Action item - Extract every line from the records below that contains the word "model".

:: Data ::

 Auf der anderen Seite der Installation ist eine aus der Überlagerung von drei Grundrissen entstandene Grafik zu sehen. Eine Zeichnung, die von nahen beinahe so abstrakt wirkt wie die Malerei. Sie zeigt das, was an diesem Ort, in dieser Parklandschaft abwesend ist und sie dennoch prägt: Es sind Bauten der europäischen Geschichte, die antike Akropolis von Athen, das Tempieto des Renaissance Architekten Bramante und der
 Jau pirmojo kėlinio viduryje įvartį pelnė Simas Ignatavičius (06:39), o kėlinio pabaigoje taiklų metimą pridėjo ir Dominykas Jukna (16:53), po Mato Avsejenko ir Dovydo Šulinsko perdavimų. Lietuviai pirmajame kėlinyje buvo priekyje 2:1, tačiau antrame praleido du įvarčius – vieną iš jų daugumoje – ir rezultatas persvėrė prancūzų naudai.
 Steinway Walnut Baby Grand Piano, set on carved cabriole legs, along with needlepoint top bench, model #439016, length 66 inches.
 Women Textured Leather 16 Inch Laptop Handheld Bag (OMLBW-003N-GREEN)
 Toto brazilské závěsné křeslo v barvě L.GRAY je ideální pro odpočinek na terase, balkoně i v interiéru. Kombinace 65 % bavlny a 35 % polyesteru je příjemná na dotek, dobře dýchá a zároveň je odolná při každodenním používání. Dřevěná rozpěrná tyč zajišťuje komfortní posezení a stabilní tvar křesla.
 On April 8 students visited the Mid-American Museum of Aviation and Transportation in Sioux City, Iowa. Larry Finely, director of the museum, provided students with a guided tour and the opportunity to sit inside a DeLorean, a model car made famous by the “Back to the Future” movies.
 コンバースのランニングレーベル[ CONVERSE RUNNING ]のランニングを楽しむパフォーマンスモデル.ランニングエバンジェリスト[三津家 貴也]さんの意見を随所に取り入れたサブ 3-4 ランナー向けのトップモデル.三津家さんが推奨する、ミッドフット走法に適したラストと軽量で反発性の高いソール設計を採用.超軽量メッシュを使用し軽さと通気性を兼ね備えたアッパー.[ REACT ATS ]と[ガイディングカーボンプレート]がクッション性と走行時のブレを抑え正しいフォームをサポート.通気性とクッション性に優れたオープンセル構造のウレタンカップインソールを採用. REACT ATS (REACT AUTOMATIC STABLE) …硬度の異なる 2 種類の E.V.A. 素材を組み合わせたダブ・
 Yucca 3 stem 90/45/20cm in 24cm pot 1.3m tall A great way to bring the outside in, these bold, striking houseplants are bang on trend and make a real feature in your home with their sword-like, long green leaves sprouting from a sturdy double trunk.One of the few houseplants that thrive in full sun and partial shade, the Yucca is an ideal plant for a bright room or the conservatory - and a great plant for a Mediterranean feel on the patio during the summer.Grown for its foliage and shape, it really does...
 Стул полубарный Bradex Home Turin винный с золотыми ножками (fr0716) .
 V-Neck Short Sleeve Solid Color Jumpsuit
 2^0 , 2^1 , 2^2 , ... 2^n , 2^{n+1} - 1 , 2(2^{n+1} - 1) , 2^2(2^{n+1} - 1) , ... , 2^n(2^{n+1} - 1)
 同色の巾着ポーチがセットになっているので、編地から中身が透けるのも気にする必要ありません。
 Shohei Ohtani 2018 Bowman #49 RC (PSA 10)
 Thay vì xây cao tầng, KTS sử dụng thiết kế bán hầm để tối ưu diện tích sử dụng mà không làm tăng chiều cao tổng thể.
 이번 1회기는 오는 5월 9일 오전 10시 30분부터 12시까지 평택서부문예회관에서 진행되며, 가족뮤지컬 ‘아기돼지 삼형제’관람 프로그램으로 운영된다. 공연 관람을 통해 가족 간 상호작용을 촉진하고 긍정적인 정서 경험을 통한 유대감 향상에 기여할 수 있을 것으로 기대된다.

:::

Task output -
 Steinway Walnut Baby Grand Piano, set on carved cabriole legs, along with needlepoint top bench, model #439016, length 66 inches.
 On April 8 students visited the Mid-American Museum of Aviation and Transportation in Sioux City, Iowa. Larry Finely, director of the museum, provided students with a guided tour and the opportunity to sit inside a DeLorean, a model car made famous by the “Back to the Future” movies.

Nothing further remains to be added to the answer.